Does anyone really like Piers Morgan? I mean, sure he’s kind of handsome, but he has that vibe about himself that makes him out to be a complete asshole. I guess Larry King wasn’t exactly considered a sweetheart, but at least he was an innocent old man. Piers Morgan is just an asshole… Who will go on his show? What celebrity, or half-celebrity will go on a show where some British twat is going to be rude to them? And what person will watch him be rude to people? Simon Cowell was hard on people on Idol, but at least he had a heart somewhere in there, watching Morgan on both …got talent, and the Apprentice, I’m convinced he doesn’t have a heart, or maybe just a teeny tiny black one.

CNN, you dun goofed up.

Update: as some nice man pointed out in the comments section, I had spelled his name “Pierce” instead of “Piers”. Oops.

Welcome To My Place

This post was originally called “Hello World”, and I guess that is quite an appropriate way of starting the first post of a blog. So without further ado, Hello World! I’m broadcasting from and to the internets today because I believe that I have something to say. Something that might interest you, something that might intrigue you. Or something that will offend you so immensely that you never want to come back and visit this web page ever again. It’s all in your mind, how you perceive the world, or even how you were raised. Either way, what I have to say is extremely important, and it will be said with my head held high.

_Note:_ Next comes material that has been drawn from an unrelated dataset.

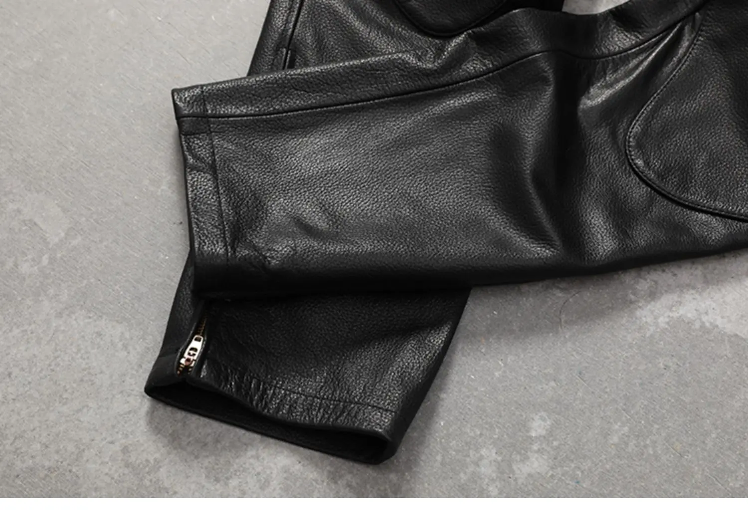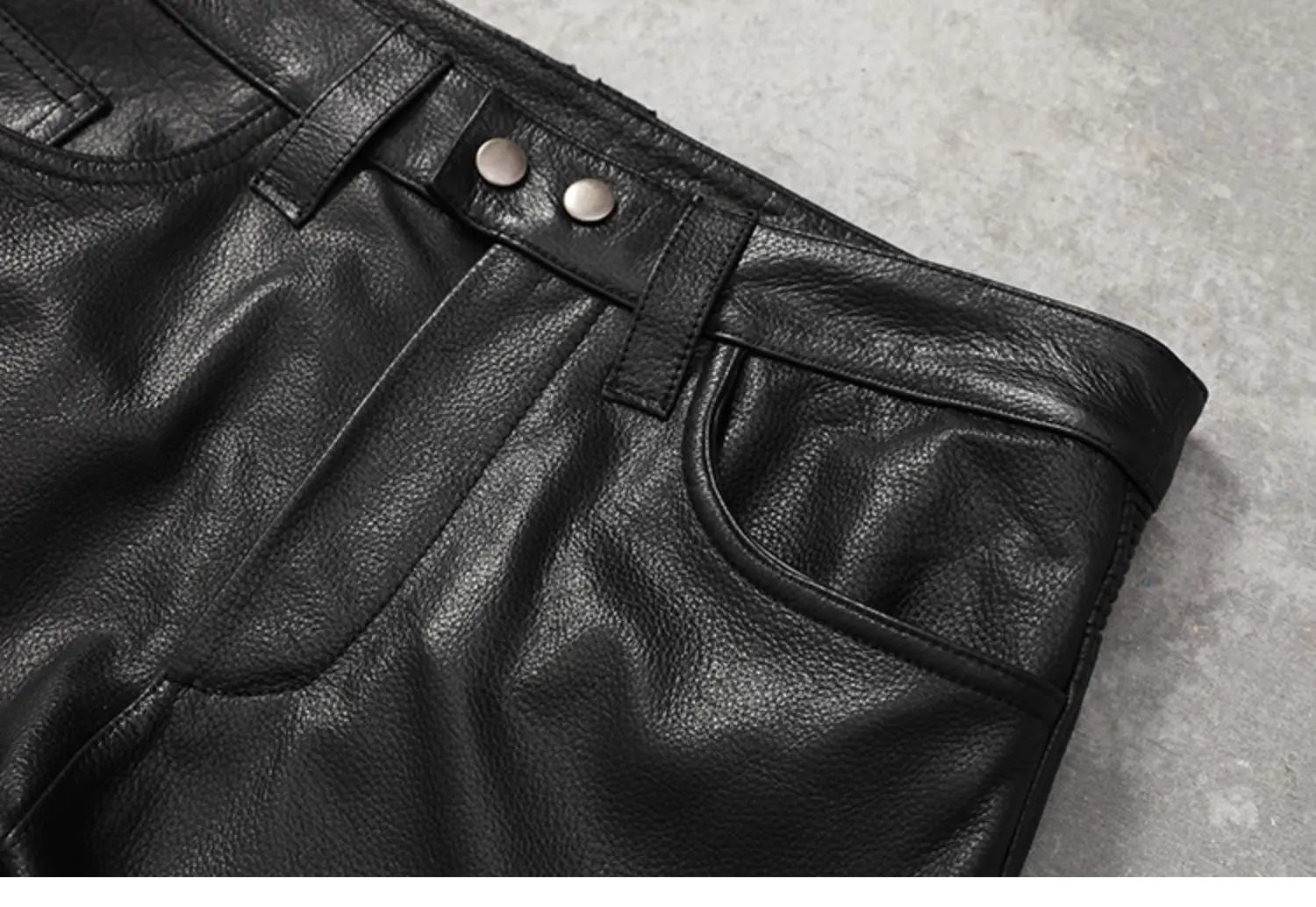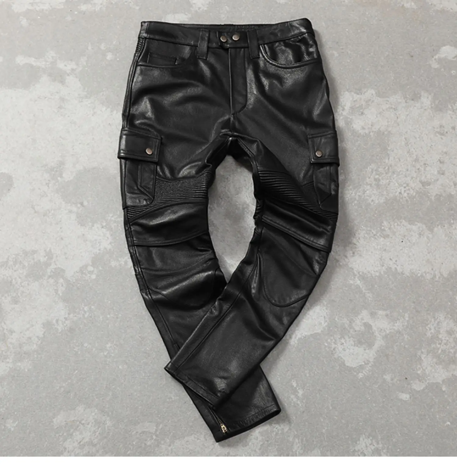 Black Motorcycle Pant Men's Cowhide Genuine Leather Trousers Men Moto Biker Slim Pants with Knee Protectors Pantalon Cuir Homme

Dear World… I am a homosexual. How big of a homosexual, you might ask. Well, a pretty big one, I would answer. Oh god, not another one of those gay blogs with pink backgrounds and gossip about reality TV shows, and celebrities, you might think. And I’m here to tell you that that is exactly what this blog is. Another gay blog with content that really doesn’t matter in the end. Who cares about how ugly the contestants on America’s Next Top Model was this season (they were pretty ugly actually)? Well, I’m here to tell you that gay people do. Why? Because gay people are a breed of their own, which is kind of funny since we’re not known to breed, but this breed is indeed a very special branch on the tree that is humanity. I’m sorry if I disappointed you with my skills in writing, I lured you in with an interesting opening, and then in the end this is just going to be another blog about stupid shit that only stupid people care about. Well… I guess I just fooled you yet again. Man, this blog already has more twists and turns than the average Lost episode.

Paragraph three, the end of the beginning. This blog will not, I repeat, WILL NOT, be another blog about celebrity gossip, or fashion, or reality TV. No, this blog will be about what I like. So what do I like? Let’s see, I like my hubby Rick, I like videogames, I like politics, I like technology, I like science, I like smart humor, I like music, I like amusement parks, and I like… like. If I like it, I can bet you that it will be found on this page at one time or another. If I like you, you might even end up here, who knows? But for now, I am the only one that will be here, but hopefully that will change soon.